Но ответить мальчишки не успели. Потому что Квач зарычал опять, и стало понятно, что это не на мальчишек, а на появившихся людей. Шли они громко, даже удивительно было, как в пылу спора Мари и Ганс не заметили их раньше. Да… все верно. Практически весь мужской состав деревни. С вилами и факелами - уже начинало темнеть. Распаленные, напряженные лица, яростные глаза…
Они обступили полянку, высоко подняв факелы. Маленький пятачок земли, на котором стояли пожилой инвалид, женщина, собака и двое пацанов.
- Курт, хулиган ты эдакий, ты чего тут делаешь?! - воскликнул мельник. Был это высокий тощий старик с орлиным носом, ничуть не похожий на крепенького, коренастого Курта. - Иди сюда, щас же!
- Не-а, не пойду! - храбро крикнул Курт, только голос сорвался. - Вы Хромого Ганса будете убивать!

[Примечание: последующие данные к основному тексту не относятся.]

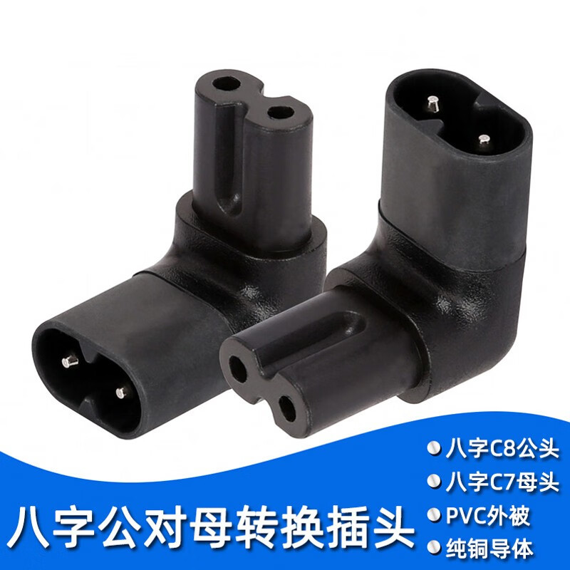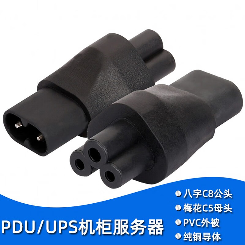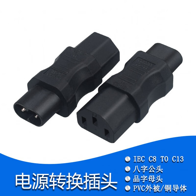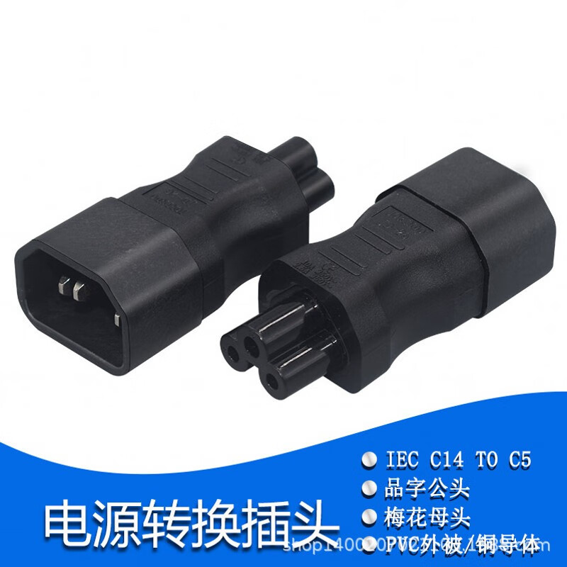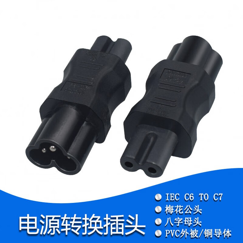 春程IEC-C14转C5电源转换插头 品字公头转梅花母头 转C7八字母头品字公母头转接头转C19母头 C5C8C6C13 C14TOC7 品公头转八字母头转换头(直头) 10A/250V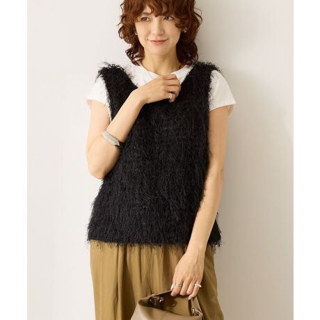 シャギーフリンジが洒落感たっぷりのニットベスト。顔周りをすっきり魅せてくれるVネックとシンプルなラウンドネック、前後2WAYの着こなしがお楽しみいただけます。サイドに加えたスリットがさりげなく抜け感を演出。一枚プラスするだけで印象的なスタイリングに仕上げてくれるおすすめのアイテムです。透け感[ややあり]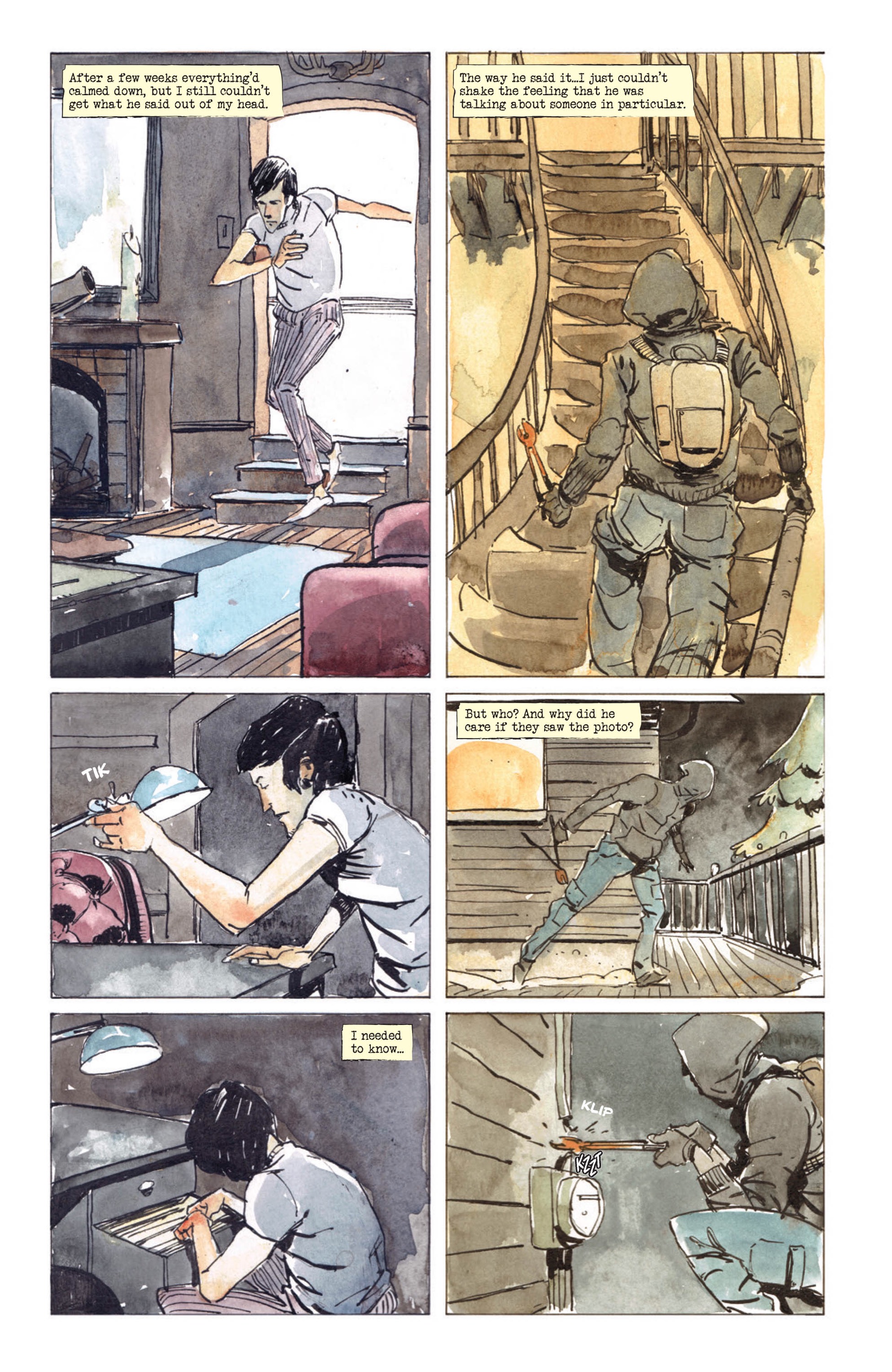 TYLER JENKINS: The decision to use watercolour was a direct reaction to the script. I would say more specifically, the decision to use watercolour in this way, is a direct reaction to the script. Watercolour is quite a versatile medium, but the moody swirling blending of colours allows for a moodiness that is very challenging to capture in other mediums. I think, for me, watercolour allows me to bring in a certain amount of ambiguity and subtle vagueness that is perfect for crime stories.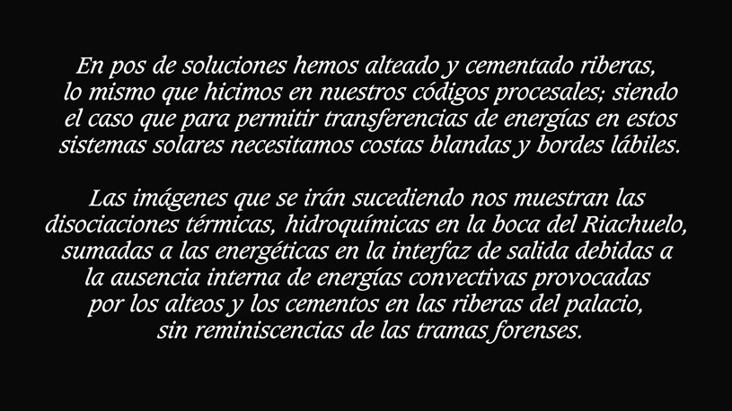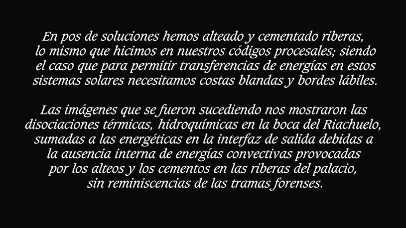 Respecto a la rigidez de los códigos procesales enfrentando la confusión, cuando no la ignorancia de las ecologías de ecosistemas hídricos en planicies extremas y sus trascendencias ambientales ¿De qué sirve tener las riberas de las adjetivaciones procesales cementadas, si para hospedar la energía de estas novedades respecto de esa sustancia vital que llamamos agua y sus complejidades, necesitamos costas blandas y bordes lábiles? Las consecuencias de no advertir que desde Da Vinci a la fecha algo ha cambiado y poco o nada amables resultan los criterios cartesianos dando soporte en planicies a física matemática newtoniana en modelos mecánicos de caja negra para eternizar ruinas ambientales, que después de una década estas tramas forenses adviertena las costas procesales de esta causa Mendoza cementadas y sus eficiencias inamovibles, … desoladoras, ... paupérrimas, … lamentables. He mirado por los cursos de aguas de planicies por 21 años y cultivado esa mirada a ellos desde termodinámica de sistemas naturales abiertos y enlazados ya por 14 años. No menos de 15.000 horas he aplicado a su estudio y expresión. El por qué está contenido en esta pregunta: ¿hay acaso alguna forma de trascender la existencia, sin insistencia, consistencia y persistencia servicial? Francisco Javier de Amorrortu, 22 de Febrero del 2018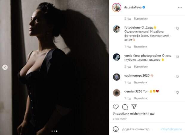 Как видно, на новых снимках Даша запечатлена в интересной локации, это тусклая комната с приглушенным светом. Перед камерой звезда появилась в весьма соблазнительном образе – на ней черный кружевной корсет, который едва удерживает пышное декольте, а на плечо она накинула темный пиджак. Волосы красотки собраны в элегантную прическу, а на ее лице аккуратный макияж, она не смотрит в объектив. В подписи к фотографиям Астафьева загадочно написала: "Отопительный сезон внутри закончен. Об этом свидетельствуют факты из разряда «никаких больше вечеринок» и «я рисую старые картины»". Пользователи в восторге от новых снимков звездной красотки, ее засыпают комплиментами в комментариях: "Самая лучшая", "Святые небеса", "Женщина моей мечты", "А знаете, я в тысячный раз скажу, что Вы очень красивая", "Королева", "Полиция красоты где?", "Даша, какая красота", "Настоящая леди", "Красотка", "Прекрасно", "Глаз не оторвать", "Очень глубоко… третья шедевр", "Читать тяжело, что написано под фото". Напомним, мы рассказывали о том, Даша Астафьева загремела в больницу со страшным диагнозом, певица ошарашила подробностями. Как сообщала Politeka, Астафьева и Никитюк в бесстыжих мини затмили эффектными формами саму Каменских: "Банда красоток! ". Также Politeka писала, что Плакидюк из "Супер топ-модель по-украински" подловила Дашу Астафьеву в тот самый момент: "Бюстгальтер не…".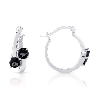 SaleDolce Giavonna Sterling Silver Black Spinel Hoop Earrings

Мельник только поморщился брезгливо.
- Иди сюда, получишь ты у меня, - сухо сказал он. - И дружок твой пусть тоже идет.
- Действительно, мальчики, идите, - взял слово староста. Тоже в первых рядах, тоже глаза горят… действительно, ведь это башмачок его дочери нашли. Если мальчишки не врут. А с чего бы им врать?
- И вы идите, фройляйн Варди, - добавил он. - Не знаю уж, как вы здесь оказались, но…

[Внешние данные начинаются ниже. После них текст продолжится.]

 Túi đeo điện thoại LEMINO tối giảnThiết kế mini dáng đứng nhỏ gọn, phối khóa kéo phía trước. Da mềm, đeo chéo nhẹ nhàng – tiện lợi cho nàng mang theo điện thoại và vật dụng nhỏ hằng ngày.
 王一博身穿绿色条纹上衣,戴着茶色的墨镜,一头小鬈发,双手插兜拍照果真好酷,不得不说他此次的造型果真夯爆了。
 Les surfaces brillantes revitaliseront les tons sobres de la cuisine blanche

Вот он, момент истины, Мари! Теперь еще можно уйти…спрятаться за спинами, и не знать, не чувствовать, не видеть… и остаться живой.
Квач тихо зарычал, приподнял верхнюю губу. "Тихо, тихо мой хороший, - сказала Мари вполголоса, машинально. - Рано пока… подожди чуть-чуть". Может быть, еще удастся договориться…

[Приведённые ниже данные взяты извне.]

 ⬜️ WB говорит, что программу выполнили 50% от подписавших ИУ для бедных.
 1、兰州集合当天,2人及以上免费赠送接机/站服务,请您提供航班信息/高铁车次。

- Я здесь оказалась, потому что я, как врач, не могу спокойно смотреть, как люди нападают на беззащитного и невиновного! - воскликнула она. - Вы бы хоть улики предъявили!
Получилось, кажется, выспренно и неискренне. Да и голос у нее сорвался. Но… но что еще сказать-то? Книг она читала мало, все больше по специальности, юридической наукой вообще никогда не интересовалась. Откуда ей знать, что говорят адвокаты?! А страшно-то как, страшно… ведь эти люди еще недавно с ней на улицах раскланивались. И почему у них такие ужасные лица? Да, они разгневаны и напуганы, они бояться за участь детей, и их терзает ярая ненависть к тому, кто мог сделать что-то плохое с Анитой и Гретой и мальчиками. Но ведь Мари тоже мучают все эти чувства! А она не собирается ломать и крушить все подряд только потому, что подозревает кого-то. Так просто нельзя поступать. И она будет сильной. Она даже в приюте не трусила, когда девчонки хотели побить всей спальней…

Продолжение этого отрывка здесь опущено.